Just occurred to me as I was driving the ademan back from hospital this morning - it's a boring drive so the mind wanders.   

Your soil is obviously dreadful, with the added bonus of repeated tillage making the subsurface very unfriendly, probably compacted in unlucky spots.  Along with the clover and other fertility amendments, perhaps you should get hold of a couple of bulk packs of daikon radish seeds.  Especially for the areas where you're most likely to be planting trees, but they'll benefit all the soil in terms of water penetration and retention as well as concentrate nutrients to a greater depth.  Don't pull them.  Or at least not until they're well established enough to be self seeding.

http://www.permacultureskillscenter.org/broadcast-seeding-part-2/

If you've read Mollison, you might also have read Masanobu Fukuoka.  If you haven't, you should.  You won't be doing his throw-some-seed-stand-back-and-wait-for-20-years routine, but the ideas are adaptable.    Certainly within orchard + chooks type areas of the garden, but also for those areas you've not yet 'got around to'.  Throwing a good mix of cover, nutrient and structural soil amendment plants so that the soil is protected and the plants are working for you while you're busy with other activities or other parts of the garden means that you're not overwhelmed with things you've not yet done.  You're letting the growing seasons and the underground activities of roots and worms and decay do it for you.   

And letting them go without any attention at all is a good way to find out which areas are more, or less, friendly to growing things.  It's one thing if growth is uneven or patchy, it's another thing entirely if you find that there are particular spots that always seem to have feeble or yellowed growth or totally bare patches.   A definite target area for some serious chook work. 
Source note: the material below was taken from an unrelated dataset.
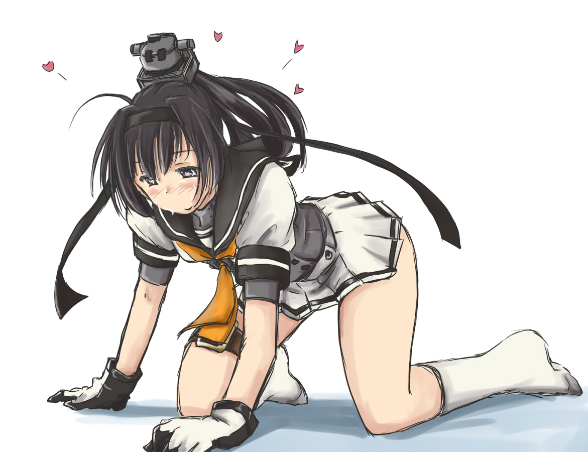 1girl ahoge akizuki_(kancolle) all_fours black_hair black_sailor_collar corset full_body gloves grey_eyes hachimaki headband headgear kantai_collection masamori_ikemo neckerchief pleated_skirt ponytail sailor_collar school_uniform serafuku simple_background skirt socks solo sweat two-tone_gloves white_background white_skirt white_socks yellow_neckerchief

(If it was me, I'd also throw in some parsnip seed.  They're hell on wheels to germinate reliably every year.  You're much better off if you can get a few to succeed and stay in the ground and set seed the following year.  With any luck they'll be popping up every year - certainly if you let them go under the trees so they're not disturbed by regular digging.)  I'd also plant a few flowering perennial/ small shrub plants like daisies.  They attract and keep a stable population of desirable insects in such unworked areas and they're good at "clearing" the soil beneath them from weeds if that's what you want to do.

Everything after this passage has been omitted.